Will targeted therapy work?
The cancer must contain the particular target or the drug won’t work. The response to targeted therapy varies widely. In some cancers, 4 out of 5 people assessed as suitable for a particular targeted therapy drug will respond. For other cancers, the rate of success is much lower. This is due to a range of factors, including how many of the cancer cells carry the target.
Cancer cells can eventually stop responding to a targeted therapy drug even if it works at first. If this happens, you may be offered another targeted therapy drug or a different type of treatment. Less commonly, a targeted therapy drug may cause serious side effects and the treatment plan will need to be adjusted (e.g. a lower dose or different drug may be tried).
How do I get targeted therapy?
Ask your cancer specialist if there is a suitable targeted therapy for you. This will depend on the type and stage of the cancer. Your specialist may also need to test the cancer to see if one of the currently available drugs is an option. If you have not already had surgery or a biopsy, you may need to have a biopsy so a tissue sample can be collected.
Many more targeted therapy and other new drugs are being studied in clinical trials. Talk with your specialist about the latest developments and whether there are any trials that might be right for you.
Learn more about clinical trials and research.
How much will it cost?
The Pharmaceutical Benefits Scheme (PBS) covers most of the cost of many prescription medicines, including some targeted therapy drugs. Medicines not on the PBS are usually expensive, but you may be able to receive them as part of a clinical trial or at a reduced cost through a compassionate access program.

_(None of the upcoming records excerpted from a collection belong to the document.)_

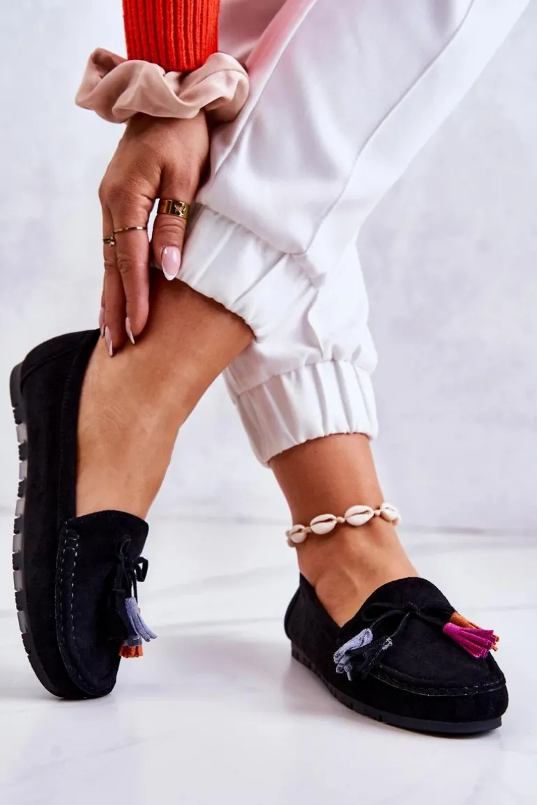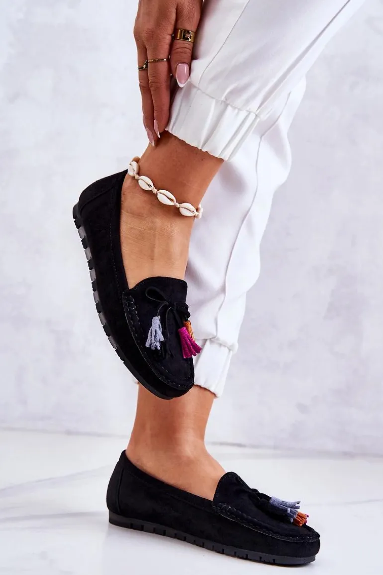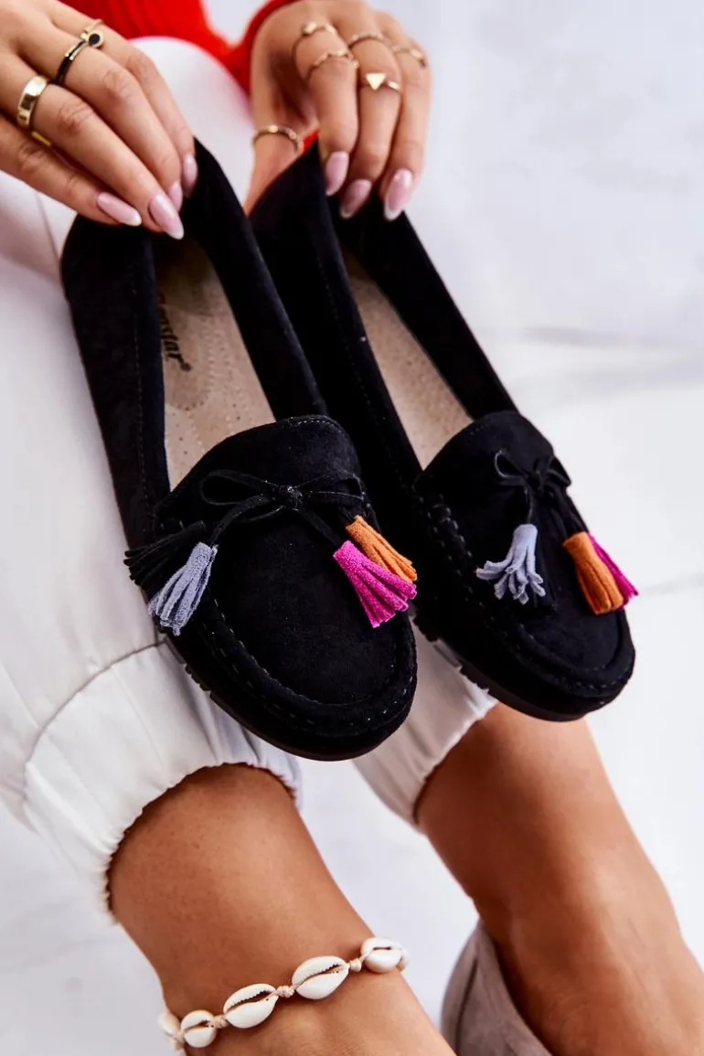 Świetne mokasyny damskie na ciepłe, pogodne dni! Wykonane z przyjemnego w dotyku eko zamszu. Posiadają usztywniany zapiętek. Z przodu znajdują się ozdobne, eko zamszowe frędzle wraz z kokardą. Nosek zakryty, okrągły. Buty posiadają miękką, perforowaną wkładkę, która została wykonana ze skóry. Mokasyny posiadają elastyczną, wykonaną z gumowego tworzywa podeszwę. Idealne do pracy czy na weekendowy wyjazd ze znajomymi. Model o uniwersalnym fasonie, z którym skomponujesz wiele stylizacji! Przy wyborze rozmiaru prosimy sugerować się tabelą rozmiarów.
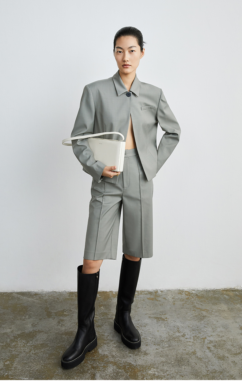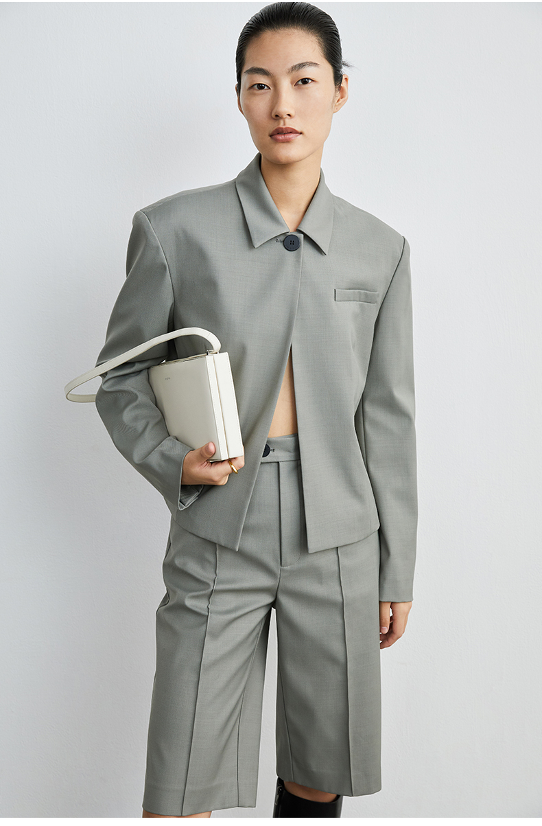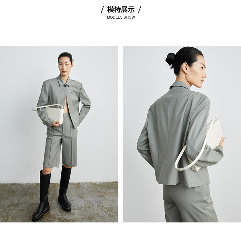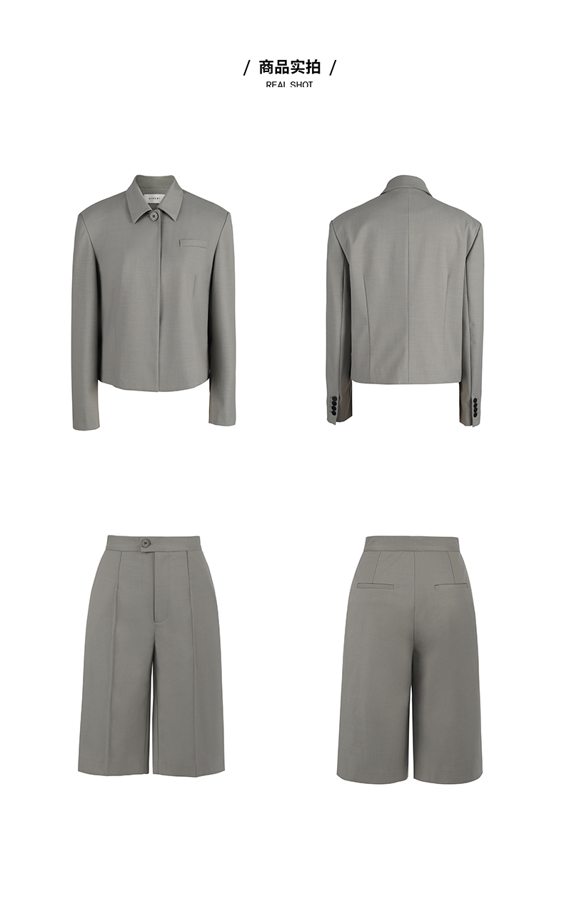 HIDEMI 斑鸠灰羊毛西装垫肩外套套装 短外套/中短裤
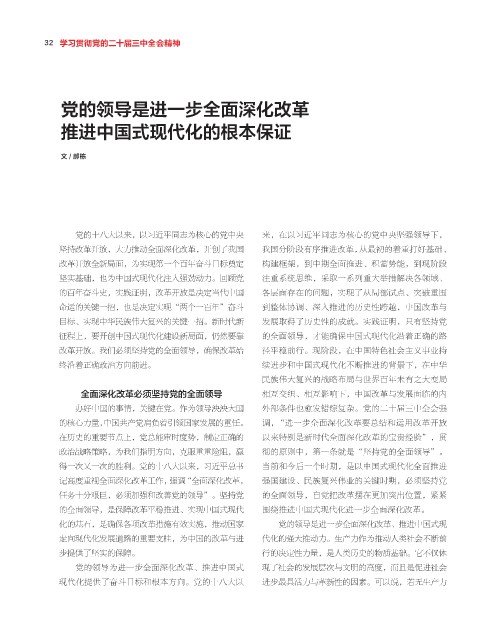 党的领导为进一步全面深化改革、推进中国式 现了社会的发展层次与文明的高度,而且是促进社会
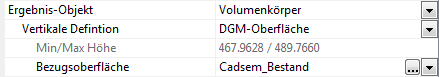 Die Unter- bzw. Oberseite des Volumenkörpers wird durch eine gleichmäßige Bezugshöhe definiert, wodurch sich ein flacher Boden oder Deckel ergibt. Die Funktion ermittelt hierbei den Höhenbereich der gewählten DGM-Oberfläche bzw. der 3D-Flächen und schlägt eine auf ganze Meter gerundete Bezugshöhe vor.
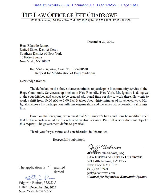 Laut Anwalt Jeffrey Chabrowe nimmt Konstantin an einem Gemeinschaftsprojekt einer gemeinnützigen Organisation in New Rochelle, ein paar Meilen nördlich der Bronx teil. „Mr. Ignatov ist doing well at the soup kitchen“, schreibt Chabrowe an Richter Edgardo Ramos und bittet ihn deshalb, Ignatov zu erlauben, dort länger arbeiten zu dürfen.
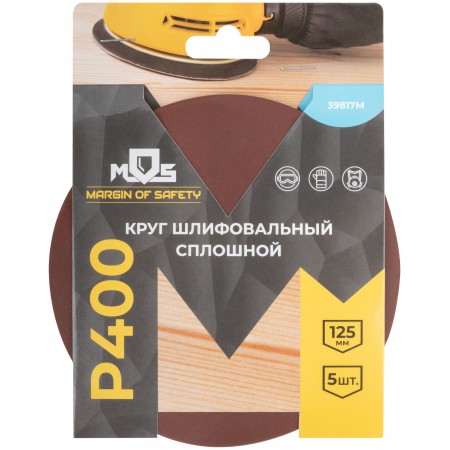 Круги шлифовальные сплошные (липучка), алюминий-оксидные, 125 мм, 5 шт. Р 400 (39817М)
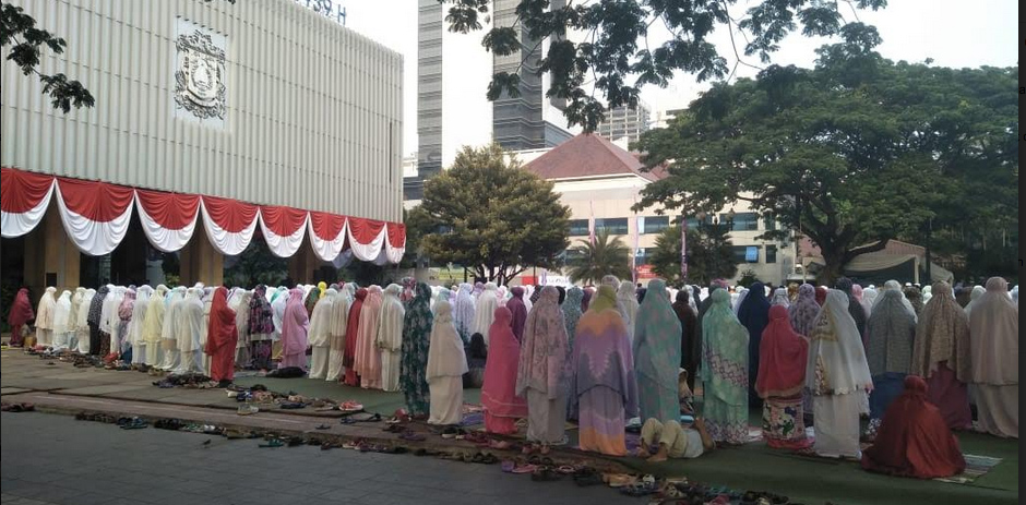 Kantor Berita Politik RMOL ratusan umat sudah mulai berada dan memenuhi halaman blok G, kawasan Bali Kota sejak Pukul 06.00 WIB. Dengan tertib mereka mengambil tempat dukuk atau shaft paling dean secara rapi.
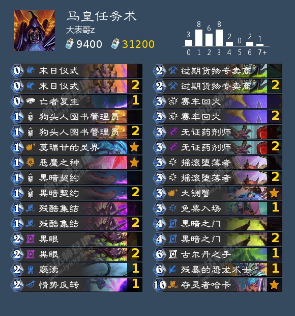 原理也很简单,黑暗之门抽哈卡或者哈卡在手牌就过期货物专卖商弃掉哈卡下恐龙术士召唤哈卡!触发哈卡亡语最后情势反转斩杀!抽到死为止!恐怖如斯。。。(这里直接下哈卡费应该也是够的毕竟新卡没出还得实操才知道)key牌最多三张最少只需要一张!
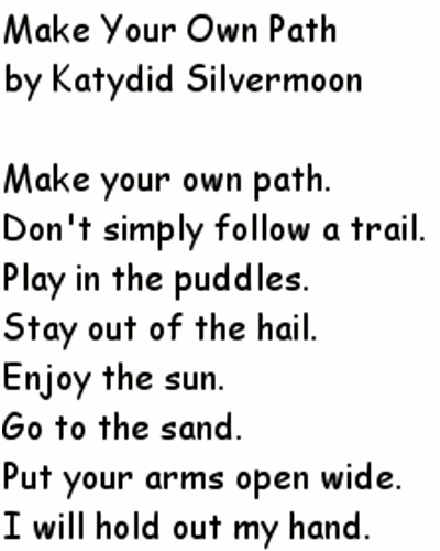 Advice Poetry Angels and Fairies Poetry Love Poetry Miscellaneous Poetry Pagan Poetry Make Your Own Path by Katydid Silvermoon Make your own path. Don't simply follow a trail. Play in the puddles. Stay out of the hail. Enjoy the sun. Go to the sand. Put your arms open wide. I will hold out my hand.
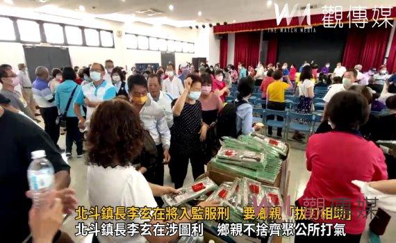 ▲北斗鎮長李玄在因貪污圖利罪被判刑1年10月、褫奪公權2年,將入監服刑,解職前夕,李玄在在公所開惜別會,李玄在要鄉親「拔刀相助」。
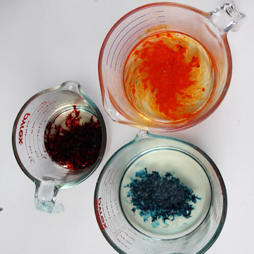 FOUR: Now you can add in the red, teal and orange color block shavings you set aside earlier. Pour one color per container.
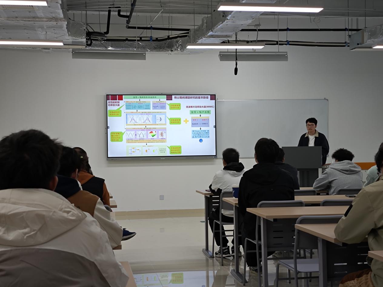 轩雪飞博士从5G和未来6G发展需求出发,详细介绍了“无线通信中高性能功率放大器研究”。并以自己的学习和工作经历,向研究生讲解了如何独立开展科学研究做好研究生论文,如何从研究生一年级就开始对自己的未来做长远规划,以便更好地适应社会对人才的需求。
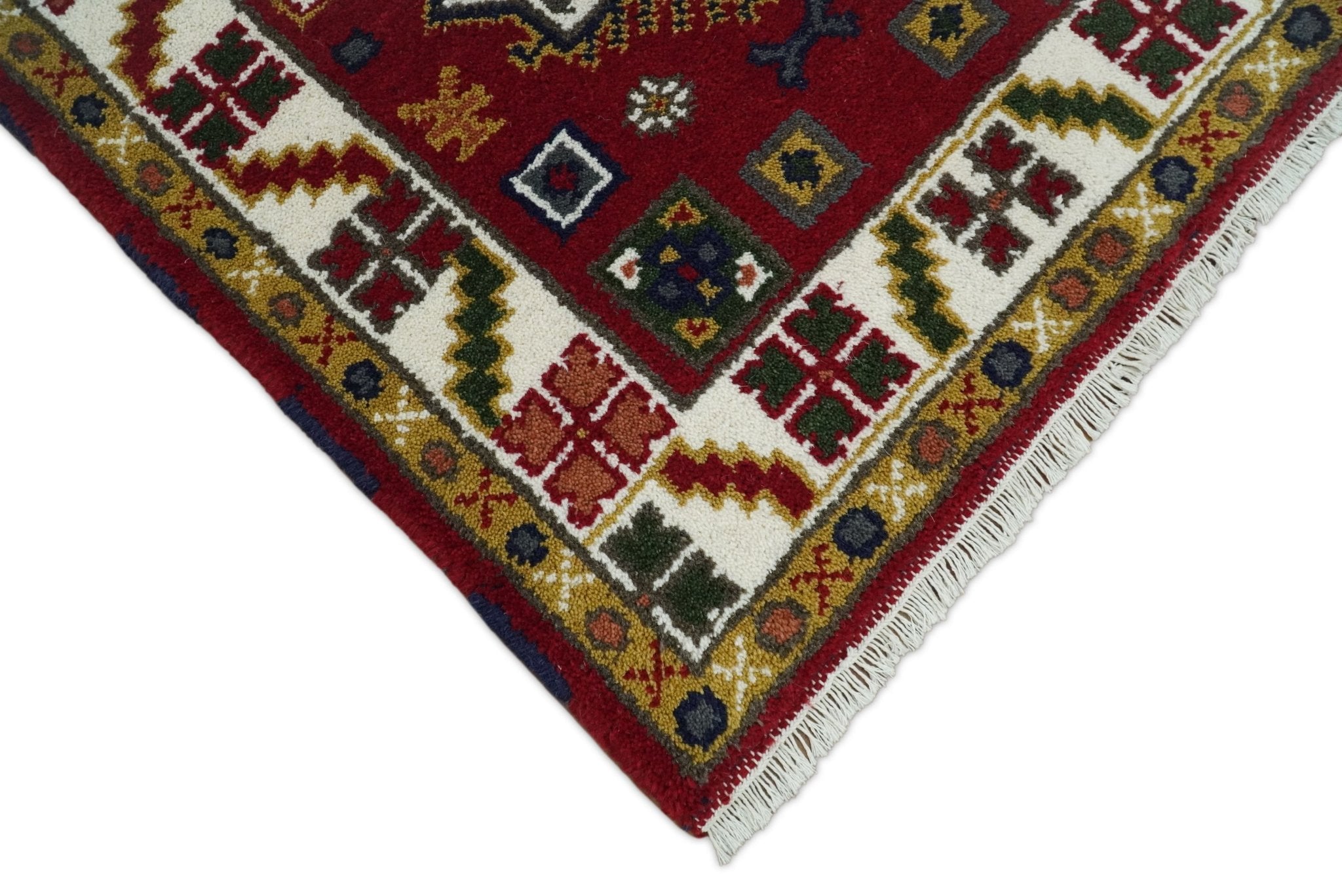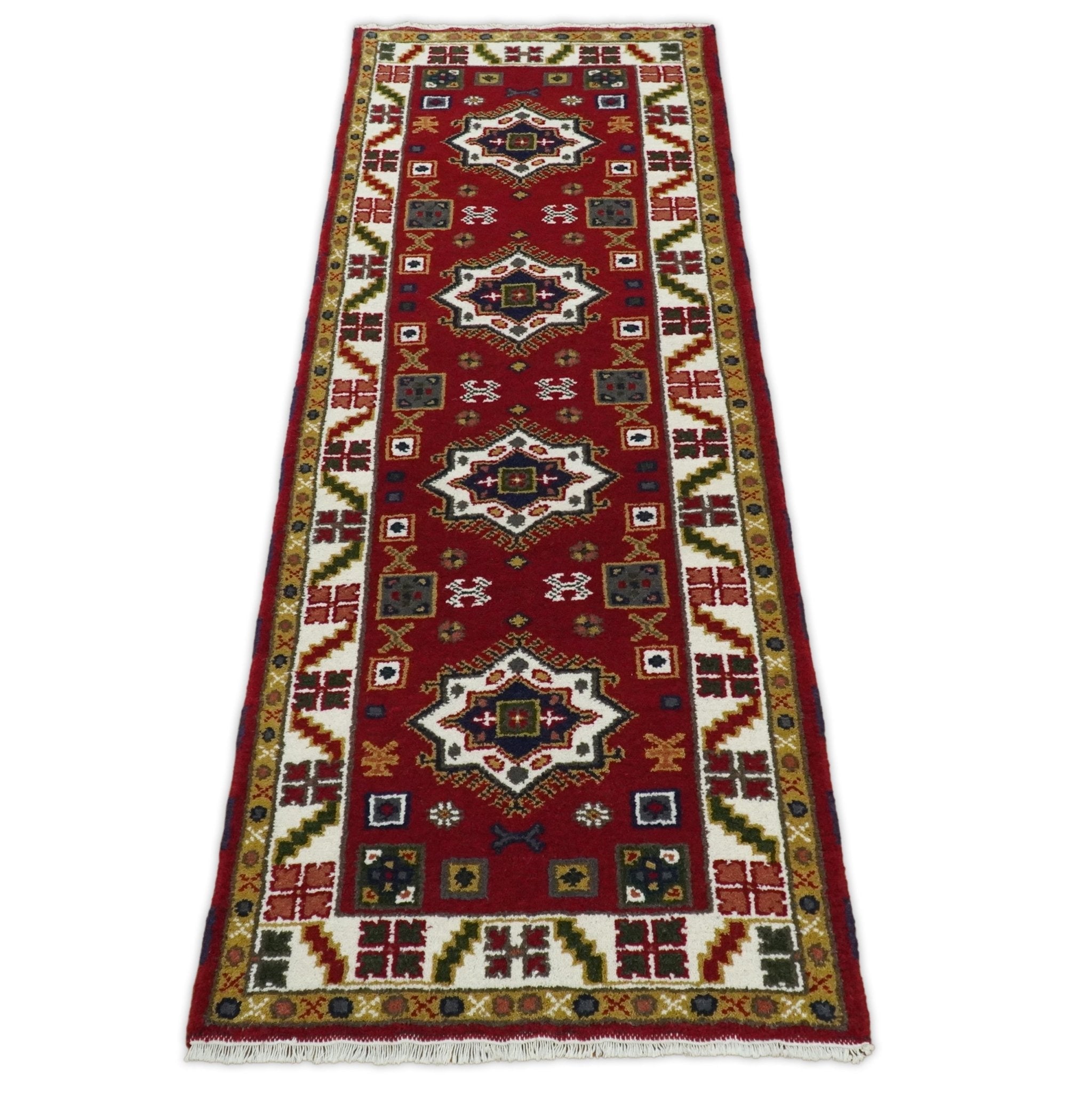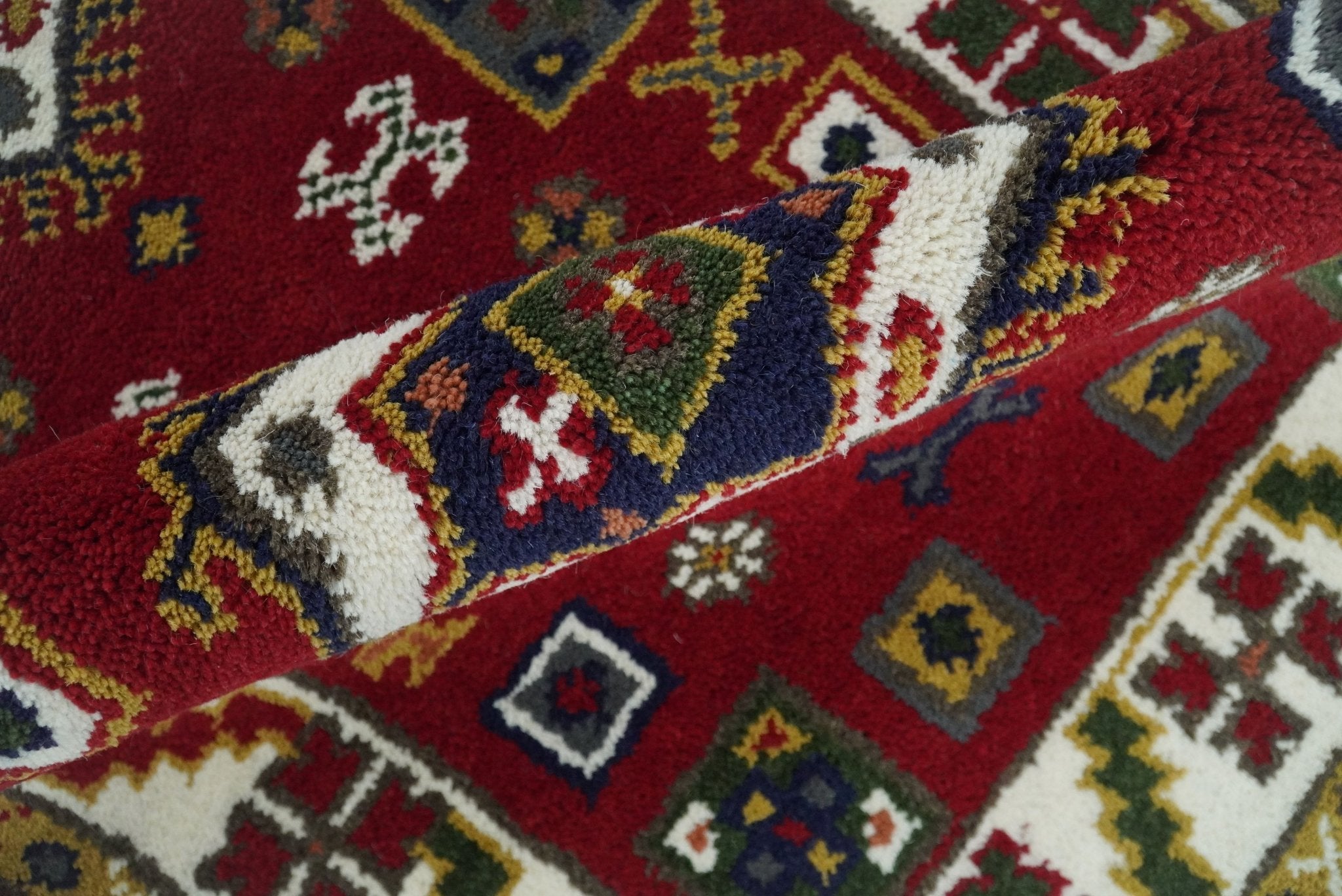 This Hand-Knotted Rug has been Made with Handspun Wool. The beautiful colors of the rug carry a legacy of the Kazak rug. The traditional design of the rug completes your space without making it look busy. Hand-Knotted rugs are durable and can last for decades if treated right.

How is targeted therapy given?
Targeted therapy is usually prescribed by a medical oncologist or haematologist. It may be given on its own or combined with chemotherapy or other types of cancer drugs.
Treatment schedules and protocols
Some targeted therapy drugs are given in repeating cycles, with rest periods in between. Others are taken every day without any breaks.
Cancer treatments are usually given in line with protocols that set out which drugs to have, how much and how often. Your specialist may need to adjust the protocols to your individual situation. You can find information about protocols for targeted therapy and other cancer drugs at eviq.org.au.
How targeted therapy is given
Targeted therapy is given in different ways:
- as tablets or capsules that you can swallow
- as an intravenous (IV) infusion into a vein, either through a drip in your arm or into a port (a small device inserted under the skin of the chest or arm)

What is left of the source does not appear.